Asbury Park and cities all over the world acknowledge that parking has to come with a higher pricetag, and that walking, bicycling, and alternative and mass transportation must be incentivized and supported.
Parking Is Sexy Now. Thank Donald Shoup.
In an interview, the guru of progressive parking policy reflects on his decades of research and writing, which transformed how cities look at the curb.
LAURA BLISS May 30, 2018
Thanks to Shoup and his many students, we know that cars cruising for on-street parking in American downtowns account for roughly 1,825 vehicle-miles traveled, for each curb space, every year—two-thirds the length of the country. We know that parking covers an astonishing percentage of urban land area (14 percent in housing-crunched Los Angeles county); that parking inflates the cost of housing and goods because developers fold it into property costs; and that when the city foots the bill for “free” parking, it’s a public subsidy to the affluent—non-car owning people are gifted no such real estate.
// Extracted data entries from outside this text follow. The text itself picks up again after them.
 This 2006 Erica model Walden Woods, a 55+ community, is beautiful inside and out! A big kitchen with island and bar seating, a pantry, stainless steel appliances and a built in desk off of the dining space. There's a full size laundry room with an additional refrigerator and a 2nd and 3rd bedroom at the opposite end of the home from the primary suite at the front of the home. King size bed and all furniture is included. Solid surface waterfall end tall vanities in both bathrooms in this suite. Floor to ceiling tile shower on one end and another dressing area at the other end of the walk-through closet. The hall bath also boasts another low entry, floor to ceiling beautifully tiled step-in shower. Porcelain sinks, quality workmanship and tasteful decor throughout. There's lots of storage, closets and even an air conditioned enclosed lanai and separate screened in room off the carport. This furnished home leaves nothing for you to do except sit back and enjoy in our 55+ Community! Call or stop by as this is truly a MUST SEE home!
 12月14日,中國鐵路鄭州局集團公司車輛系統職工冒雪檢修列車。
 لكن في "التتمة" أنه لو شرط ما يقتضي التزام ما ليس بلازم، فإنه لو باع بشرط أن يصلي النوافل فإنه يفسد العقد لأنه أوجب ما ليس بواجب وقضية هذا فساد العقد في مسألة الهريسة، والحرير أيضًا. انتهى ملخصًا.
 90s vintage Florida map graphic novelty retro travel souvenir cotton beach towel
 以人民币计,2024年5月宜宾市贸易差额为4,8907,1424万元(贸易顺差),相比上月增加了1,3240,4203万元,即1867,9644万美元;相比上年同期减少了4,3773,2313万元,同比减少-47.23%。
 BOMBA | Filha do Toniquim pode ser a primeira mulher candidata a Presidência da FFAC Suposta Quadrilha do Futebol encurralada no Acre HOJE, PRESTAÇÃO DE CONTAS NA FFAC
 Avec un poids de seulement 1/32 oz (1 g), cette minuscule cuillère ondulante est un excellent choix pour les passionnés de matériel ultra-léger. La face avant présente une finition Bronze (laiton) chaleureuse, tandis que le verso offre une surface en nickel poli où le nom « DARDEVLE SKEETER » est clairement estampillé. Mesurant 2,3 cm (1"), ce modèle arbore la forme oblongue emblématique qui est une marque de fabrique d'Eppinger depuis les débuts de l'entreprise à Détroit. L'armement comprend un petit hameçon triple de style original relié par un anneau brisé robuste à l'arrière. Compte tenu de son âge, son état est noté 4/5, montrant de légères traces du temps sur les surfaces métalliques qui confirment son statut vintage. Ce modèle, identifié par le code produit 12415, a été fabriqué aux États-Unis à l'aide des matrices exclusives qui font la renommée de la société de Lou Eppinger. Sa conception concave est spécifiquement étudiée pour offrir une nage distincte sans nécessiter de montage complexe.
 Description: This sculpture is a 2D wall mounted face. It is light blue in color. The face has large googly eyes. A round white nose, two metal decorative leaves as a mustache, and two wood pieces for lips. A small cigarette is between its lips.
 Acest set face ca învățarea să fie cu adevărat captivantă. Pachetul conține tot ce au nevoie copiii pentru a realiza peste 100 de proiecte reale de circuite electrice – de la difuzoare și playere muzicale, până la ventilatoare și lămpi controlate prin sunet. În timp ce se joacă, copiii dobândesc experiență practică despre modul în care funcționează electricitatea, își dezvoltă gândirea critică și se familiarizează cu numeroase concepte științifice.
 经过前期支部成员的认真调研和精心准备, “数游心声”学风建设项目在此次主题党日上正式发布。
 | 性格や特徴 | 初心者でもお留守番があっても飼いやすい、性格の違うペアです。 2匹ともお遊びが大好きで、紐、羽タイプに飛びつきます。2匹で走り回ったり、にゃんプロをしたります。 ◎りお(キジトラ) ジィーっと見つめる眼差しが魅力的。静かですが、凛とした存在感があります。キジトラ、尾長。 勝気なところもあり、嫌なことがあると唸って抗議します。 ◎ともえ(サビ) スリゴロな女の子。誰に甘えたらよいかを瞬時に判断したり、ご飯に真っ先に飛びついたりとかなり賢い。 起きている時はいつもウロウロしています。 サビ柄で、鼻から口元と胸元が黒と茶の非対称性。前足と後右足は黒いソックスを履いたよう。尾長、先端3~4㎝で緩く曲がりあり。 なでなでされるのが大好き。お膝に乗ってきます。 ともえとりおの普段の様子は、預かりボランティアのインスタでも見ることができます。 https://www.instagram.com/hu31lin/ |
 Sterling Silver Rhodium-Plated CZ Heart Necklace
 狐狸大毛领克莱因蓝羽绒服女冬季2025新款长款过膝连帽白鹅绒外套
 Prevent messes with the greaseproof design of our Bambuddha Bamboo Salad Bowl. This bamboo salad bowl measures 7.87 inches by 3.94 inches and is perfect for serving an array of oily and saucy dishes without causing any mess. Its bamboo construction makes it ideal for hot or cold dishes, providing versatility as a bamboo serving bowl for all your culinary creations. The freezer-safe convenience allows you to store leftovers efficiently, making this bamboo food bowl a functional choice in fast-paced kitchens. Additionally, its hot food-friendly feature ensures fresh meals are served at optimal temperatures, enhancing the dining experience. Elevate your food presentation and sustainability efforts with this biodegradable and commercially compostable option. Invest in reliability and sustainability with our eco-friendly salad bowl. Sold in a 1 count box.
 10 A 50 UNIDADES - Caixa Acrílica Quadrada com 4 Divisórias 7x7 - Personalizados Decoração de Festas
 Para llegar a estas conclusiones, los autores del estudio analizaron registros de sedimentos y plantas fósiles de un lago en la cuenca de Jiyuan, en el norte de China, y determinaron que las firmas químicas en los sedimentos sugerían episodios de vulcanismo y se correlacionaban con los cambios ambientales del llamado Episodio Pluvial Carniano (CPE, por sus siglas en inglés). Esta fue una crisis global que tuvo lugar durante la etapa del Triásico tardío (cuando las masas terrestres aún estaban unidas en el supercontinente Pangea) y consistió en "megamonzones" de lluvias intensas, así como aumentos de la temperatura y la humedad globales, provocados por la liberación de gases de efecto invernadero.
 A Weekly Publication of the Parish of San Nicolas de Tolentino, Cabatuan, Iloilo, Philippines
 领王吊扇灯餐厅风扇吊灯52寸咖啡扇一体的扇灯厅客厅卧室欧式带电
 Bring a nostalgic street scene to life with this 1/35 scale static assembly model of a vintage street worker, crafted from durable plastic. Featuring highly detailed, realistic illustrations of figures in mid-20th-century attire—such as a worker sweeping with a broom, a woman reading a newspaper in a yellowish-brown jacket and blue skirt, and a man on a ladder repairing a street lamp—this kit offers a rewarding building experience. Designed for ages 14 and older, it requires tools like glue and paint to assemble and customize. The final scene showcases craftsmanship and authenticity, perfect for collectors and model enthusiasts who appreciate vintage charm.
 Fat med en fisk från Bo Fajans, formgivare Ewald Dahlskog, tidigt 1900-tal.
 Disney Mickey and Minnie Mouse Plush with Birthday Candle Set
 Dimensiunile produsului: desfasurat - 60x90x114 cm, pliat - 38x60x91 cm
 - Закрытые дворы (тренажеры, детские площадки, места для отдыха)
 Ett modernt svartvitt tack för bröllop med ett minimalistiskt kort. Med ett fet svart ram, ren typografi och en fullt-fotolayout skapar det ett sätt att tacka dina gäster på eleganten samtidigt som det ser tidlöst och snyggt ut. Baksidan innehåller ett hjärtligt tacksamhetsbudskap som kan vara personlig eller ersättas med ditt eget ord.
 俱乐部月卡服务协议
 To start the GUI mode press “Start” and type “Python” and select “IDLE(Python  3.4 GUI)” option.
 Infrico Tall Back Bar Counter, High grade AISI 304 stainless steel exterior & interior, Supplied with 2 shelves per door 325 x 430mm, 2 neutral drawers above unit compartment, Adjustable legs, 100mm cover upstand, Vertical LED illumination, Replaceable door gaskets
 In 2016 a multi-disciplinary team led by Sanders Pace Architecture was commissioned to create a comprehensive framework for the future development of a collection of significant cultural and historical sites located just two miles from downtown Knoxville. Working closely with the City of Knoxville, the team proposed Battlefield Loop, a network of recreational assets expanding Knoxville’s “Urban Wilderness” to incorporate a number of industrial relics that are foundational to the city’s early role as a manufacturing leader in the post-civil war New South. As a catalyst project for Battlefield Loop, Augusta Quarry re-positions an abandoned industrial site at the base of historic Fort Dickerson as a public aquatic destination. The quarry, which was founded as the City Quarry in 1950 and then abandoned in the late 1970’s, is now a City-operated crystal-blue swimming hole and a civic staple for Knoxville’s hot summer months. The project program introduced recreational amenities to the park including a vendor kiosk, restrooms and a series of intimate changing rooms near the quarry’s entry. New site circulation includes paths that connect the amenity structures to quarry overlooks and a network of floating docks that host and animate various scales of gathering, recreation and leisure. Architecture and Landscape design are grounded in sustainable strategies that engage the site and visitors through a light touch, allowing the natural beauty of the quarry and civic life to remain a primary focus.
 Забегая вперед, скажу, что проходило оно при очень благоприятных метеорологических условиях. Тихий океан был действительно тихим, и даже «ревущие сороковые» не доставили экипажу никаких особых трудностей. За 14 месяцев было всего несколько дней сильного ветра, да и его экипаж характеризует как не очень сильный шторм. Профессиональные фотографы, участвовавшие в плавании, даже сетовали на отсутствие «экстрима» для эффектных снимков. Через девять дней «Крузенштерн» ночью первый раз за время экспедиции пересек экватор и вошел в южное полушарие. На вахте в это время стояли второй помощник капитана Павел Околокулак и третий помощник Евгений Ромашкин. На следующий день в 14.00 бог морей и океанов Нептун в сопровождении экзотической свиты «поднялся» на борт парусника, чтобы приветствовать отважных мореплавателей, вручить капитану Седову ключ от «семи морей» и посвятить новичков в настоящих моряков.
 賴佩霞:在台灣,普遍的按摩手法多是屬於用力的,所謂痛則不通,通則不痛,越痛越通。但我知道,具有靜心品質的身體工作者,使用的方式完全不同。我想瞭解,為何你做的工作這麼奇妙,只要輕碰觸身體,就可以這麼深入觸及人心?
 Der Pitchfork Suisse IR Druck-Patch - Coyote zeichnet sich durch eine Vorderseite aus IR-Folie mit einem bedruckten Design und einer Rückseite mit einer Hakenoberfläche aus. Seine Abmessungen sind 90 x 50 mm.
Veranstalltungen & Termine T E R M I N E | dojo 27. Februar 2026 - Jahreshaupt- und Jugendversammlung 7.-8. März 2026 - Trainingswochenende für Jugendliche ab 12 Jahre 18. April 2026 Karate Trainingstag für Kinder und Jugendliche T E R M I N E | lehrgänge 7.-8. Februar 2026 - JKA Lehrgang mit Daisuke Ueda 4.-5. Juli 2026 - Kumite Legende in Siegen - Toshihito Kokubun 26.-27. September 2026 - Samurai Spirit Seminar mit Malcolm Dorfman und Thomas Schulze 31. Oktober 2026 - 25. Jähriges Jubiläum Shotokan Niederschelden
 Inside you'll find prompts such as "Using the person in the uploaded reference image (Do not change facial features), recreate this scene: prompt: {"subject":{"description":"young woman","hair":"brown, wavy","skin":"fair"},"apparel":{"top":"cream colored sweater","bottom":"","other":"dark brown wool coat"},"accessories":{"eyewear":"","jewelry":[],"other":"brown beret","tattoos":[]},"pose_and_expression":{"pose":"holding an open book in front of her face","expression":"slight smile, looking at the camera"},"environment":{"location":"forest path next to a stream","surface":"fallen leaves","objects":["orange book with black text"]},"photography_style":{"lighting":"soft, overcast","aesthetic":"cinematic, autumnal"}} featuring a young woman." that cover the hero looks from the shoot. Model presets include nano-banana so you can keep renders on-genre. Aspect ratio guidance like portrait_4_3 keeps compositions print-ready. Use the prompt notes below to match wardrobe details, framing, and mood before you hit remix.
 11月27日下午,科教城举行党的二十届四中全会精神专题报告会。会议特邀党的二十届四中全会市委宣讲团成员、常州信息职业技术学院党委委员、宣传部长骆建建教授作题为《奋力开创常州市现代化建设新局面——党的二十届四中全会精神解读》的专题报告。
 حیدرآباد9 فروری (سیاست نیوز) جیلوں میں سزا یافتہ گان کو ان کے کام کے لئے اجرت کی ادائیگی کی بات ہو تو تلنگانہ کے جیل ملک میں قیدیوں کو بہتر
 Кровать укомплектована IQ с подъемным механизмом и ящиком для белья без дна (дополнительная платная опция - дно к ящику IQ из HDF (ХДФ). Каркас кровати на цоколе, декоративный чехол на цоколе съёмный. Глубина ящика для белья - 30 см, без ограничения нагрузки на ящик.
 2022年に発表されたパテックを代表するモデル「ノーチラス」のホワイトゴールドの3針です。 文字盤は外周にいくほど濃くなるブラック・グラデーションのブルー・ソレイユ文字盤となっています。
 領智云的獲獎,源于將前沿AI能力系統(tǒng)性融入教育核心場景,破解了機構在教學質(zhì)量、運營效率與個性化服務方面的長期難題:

The High Cost of Free Parking, Shoup’s 2005 book, is often called “revolutionary” for turning an otherwise dry academic topic into a high-stakes urban issue. In the 500-page follow-up, Parking and the City, Shoup compiles and reviews the newest research on parking’s oft-invisible effects. He also shows the way to rein them in. Through real-world case studies and research projects, Shoup makes three central recommendations for cities: eliminate planning codes that require developers to build off-street parking, charge the correct prices for on-street parking throughout the day, and spend parking meter revenue to make visible improvements on metered streets.